Diese Seite wurde automatisch übersetzt und die Genauigkeit der Übersetzung wird nicht garantiert. Bitte wende dich an die englische Version für einen Quelltext.

In der Familie nicht übereinstimmende/haploidentische Spender im Vergleich zu übereinstimmenden, nicht verwandten Spendern

17. April 2024 aktualisiert von: Byung-Sik Cho

Der Vergleich der Transplantation von in der Familie nicht übereinstimmenden/haploidentischen Spendern mit passenden, nicht verwandten Spendern bei erwachsenen Patienten mit akuter myeloischer Leukämie

In dieser Studie werden die klinischen Ergebnisse von Transplantationen von familienunpassenden/haploidentischen Spendern (FMT) mit Transplantationen von 8/8-passenden nicht verwandten Spendern (MUT) verglichen, die bei fehlenden HLA-passenden Geschwistern ein aktueller Goldstandard für Spender sind

  1. Hauptziele: Das Gesamtüberleben von FMT kann dem von MUT ähneln

  2. Sekundäre Ziele:

    ich.

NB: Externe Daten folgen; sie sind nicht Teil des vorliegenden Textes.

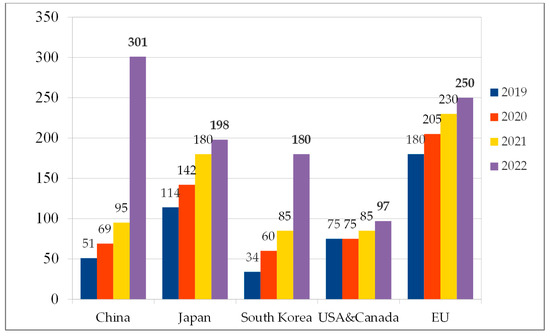 In China, along with Japan and South Korea, the development of hydrogen energy is considered one of the key development tasks; the goal is to create the world’s leading hydrogen economy in the future, including first self-sufficiency, than the export of products and services [81,82,83]. In 2015, the PRC adopted the “Made in China 2025” program, which contains one of the main goals—the accelerated development of hydrogen transport. According to the forecast of the China Hydrogen Association performed in that period, by 2025, there will be 50 thousand fuel-cell vehicles and 200 filling stations in operation, and by 2035, there will be 15 million vehicles and 1.5 thousand filling stations [84].

Vergleich von krankheitsfreiem Überleben, Rückfall, Nicht-Rückfall-Mortalität, Immunrekonstitutions-Cytomegalievirus-Infektion und akuter oder chronischer Transplantat-gegen-Wirt-Krankheit zwischen FMT und MUT.

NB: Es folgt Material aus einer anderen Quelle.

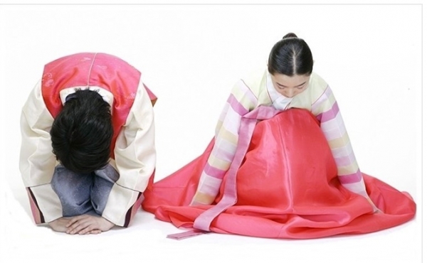 4. 윗몸을 45도 앞으로 반쯤 구부려 절한다.

    ii. Untersuchung möglicher Biomarker im Zusammenhang mit den oben genannten Ereignissen nach der Transplantation

Studienübersicht

Status

Abgeschlossen

Bedingungen

Intervention / Behandlung

Detaillierte Beschreibung

Für Patienten, denen ein HLA-identisches Geschwisterkind fehlt, sind 8/8-passende, nicht verwandte Spender derzeit der „Goldstandard“ für einen Spender, da die Ergebnisse nach HLA-identischen Geschwistern mit 8/8-passenden, nicht verwandten Spendern verglichen wurden. Derzeit gibt es drei alternative Transplantatquellen, darunter nicht übereinstimmende, nicht verwandte Spender, familiäre, nicht übereinstimmende/haploidentische Spender und Nabelschnurblut. Im Vergleich zu anderen Quellen haben Transplantationen von familiären/haploidentischen Spendern (FMT) den Vorteil, dass ein Spender sofort verfügbar ist, insbesondere für Patienten, die dringend eine Transplantation benötigen. Erste Berichte hatten bei FMT eine schlechte Transplantation und eine hohe Inzidenz von Graft-versus-Host-Erkrankungen festgestellt. Allerdings haben sich die Ergebnisse der FMT im letzten Jahrzehnt durch die Optimierung des Konditionierungsschemas und der Transplantatauswahl erheblich verbessert, um eine stabile Transplantation über wichtige HLA-Barrieren hinweg zu ermöglichen, mit vielversprechendem leukämiefreiem Überleben bei Erwachsenen mit akuter Leukämie. Trotz der ermutigenden Ergebnisse und des potenziellen Nutzens der FMT gab es nur wenige Studien, in denen die klinischen Ergebnisse der FMT mit denen anderer Spendertypen verglichen wurden, insbesondere bei akuter myeloischer Leukämie (AML) als Einzelerkrankung. Seit August 2008 führen wir kontinuierlich FMT mit nicht manipulierten Spenderzellen und einem weniger aggressiven Konditionierungsschema bei Hochrisiko-AML ohne HLA-identischen Geschwister oder 8/8 oder 7/8 übereinstimmende nicht verwandte Spender durch. Wir berichteten über die Machbarkeit einer FMT unter Verwendung unseres neuartigen Regimes mit reduzierter Intensität ohne Ex-vivo-T-Zell-Depletion und zeigten erste Ergebnisse, die den Ergebnissen einer Transplantation von 8/8 passenden nicht verwandten Spendern (MUT) ähneln. Diese Studie wird die Hypothese testen, dass das Gesamtüberleben 3 Jahre nach FMT dem Gesamtüberleben nach MUT ähnelt.

Studientyp

Interventionell

Einschreibung (Tatsächlich)

116

Phase

  • Phase 2
  • Phase 3

Kontakte und Standorte

Dieser Abschnitt enthält die Kontaktdaten derjenigen, die die Studie durchführen, und Informationen darüber, wo diese Studie durchgeführt wird.

Studienorte

  • Korea, Republik von
      • Seoul, Korea, Republik von, 137-701
        • Catholic Blood and Marrow Transplantation Center, Seoul St. Mary's Hospital

Teilnahmekriterien

Forscher suchen nach Personen, die einer bestimmten Beschreibung entsprechen, die als Auswahlkriterien bezeichnet werden. Einige Beispiele für diese Kriterien sind der allgemeine Gesundheitszustand einer Person oder frühere Behandlungen.

Zulassungskriterien

Studienberechtigtes Alter

17 Jahre bis 65 Jahre (Kind, Erwachsene, Älterer Erwachsener)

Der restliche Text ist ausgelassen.